Суть в том, что команда «Динамо» была ведомственной командой МВД, в силу чего почти все ее участники поселялись в соответствующем доме. Такое соседство давало нам, подросткам, неслыханные преимущества перед другими сверстниками. Во-первых, нас заставляло раздуваться от гордости само осознание того, что мы, так сказать, приближены к спортивным звездам самого высшего ранга. Во-вторых, был еще чисто бытовой аспект. Как и все мальчишки во все времена, мы мнили себя большими модниками. И если на горизонте появлялась какая-то, к примеру, музыкальная новинка, заполучить мы ее пытались любой ценой. К таким раритетам относились прежде всего джазовые американские пластинки — товар в те времена совершенно уникальный.

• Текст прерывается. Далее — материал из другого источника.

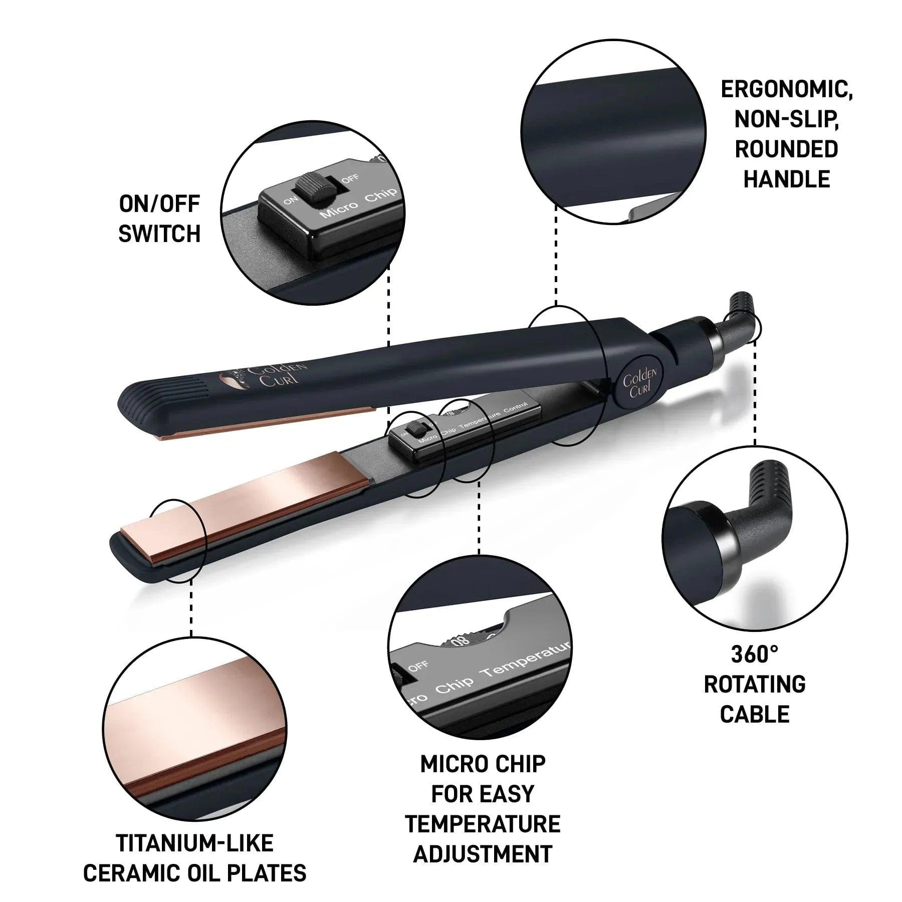 Es handelt sich um ein Glätteisen mit schwebenden Keramikheizplatten, einem LCD-Display für präzise Temperaturregelung und einer schnellen Aufheizzeit von nur einer Minute.
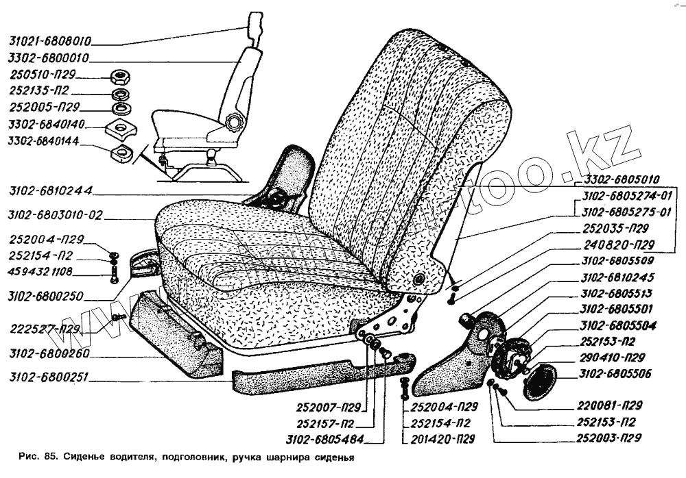 Каталог запасных частей к технике: ГАЗ-2705 (ГАЗель). Сиденье водителя, подголовник, ручка шарнира сиденья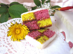 Традиционный десерт английской кухни торт "Баттенберг" выпекается из двух коржей розового и жёлтого цвета, которые прослаивают абрикосовым джемом и собирают в шахматном порядке. В классическом варианте торт покрыт марципановой глазурью. Опираясь на рецепт, проверенный временем, я приготовила мини-кексы, покрытые глазурью на основе белого шоколада.
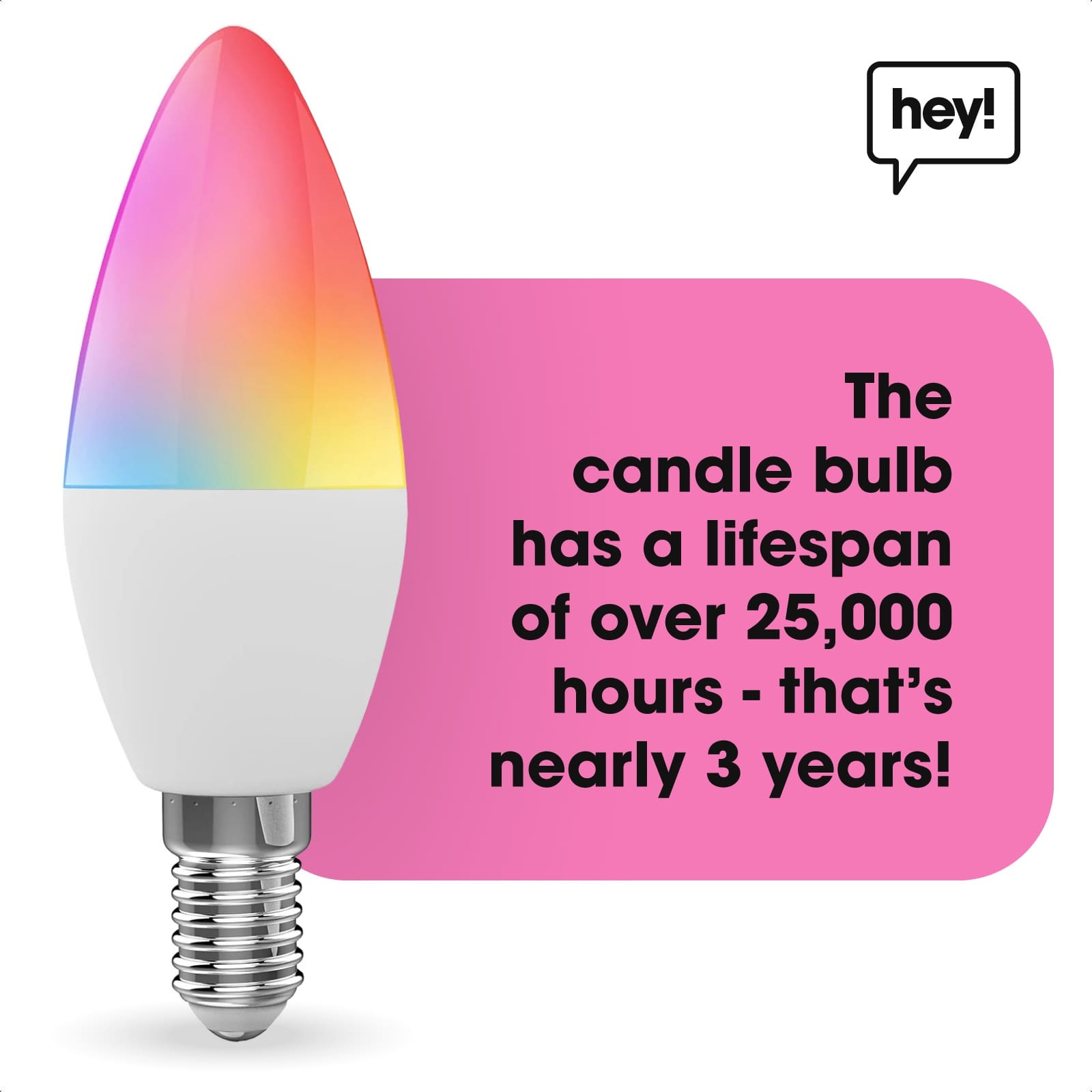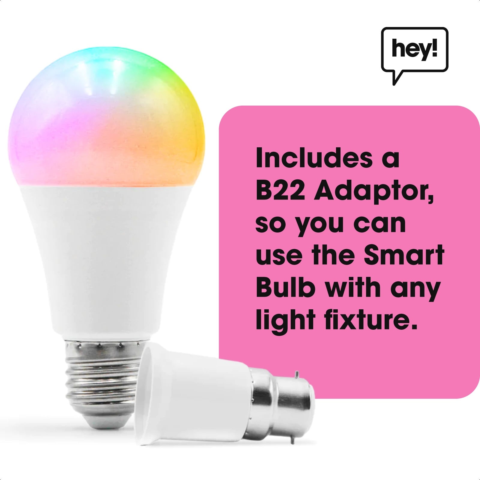 Created by Hey! to be the perfect introduction to smart home technology, the Smart Lighting Kit contains two smart bulbs, two candle bulbs (each bulb comes with a B22 adapter) and a 3M LED lighting strip - so you have everything you need to bring smart lighting into one or two rooms of your home.

Так вот, дядя Валя Кузин, как мы его называли, привозил из-за рубежа эти самые пластинки, благодаря которым мы и приобщались ко всем тонкостям буги-вуги и только-только появившегося рок-н-ролла. Дядя Валя охотно давал нам их прослушивать, и не просто на каком-нибудь патефоне, а через адаптер на настоящей радиоле, какая находилась на квартире у моего приятеля-соседа Сашки. Радиола давала такую большую мощность, что мы ставили ее на подоконник, распахивали окно и оглашали весь наш двор «импортными» воплями типа «Во Стамбуле, Константинополе». А незабвенная, пронзающая сердце мелодия «Бэсамэ, бэсамэ мучо»?
А дворик-то не маленький, двадцать три подъезда, огромное количество мальчишек… Посреди него стояли лавки, на которых мужики, что ни вечер, резались в домино. А так как в то время повсеместно гремела песня «Парень в кепке и зуб золотой», верхом дворового шика считалось иметь фиксу. Ну, золотую мы себе позволить не могли и обходились, так сказать, подручными средствами. Делалось это так. Берешь медную монетку и начинаешь стачивать ее о камень до тех пор, пока она не станет тонкой, как фольга. Потом обрезаешь у нее края и обертываешь ею зуб. Эффект — сногсшибательный! Особенно если к этому добавить кепочку-восьмиклиночку, широченные штаны и башмаки на белой микропорке.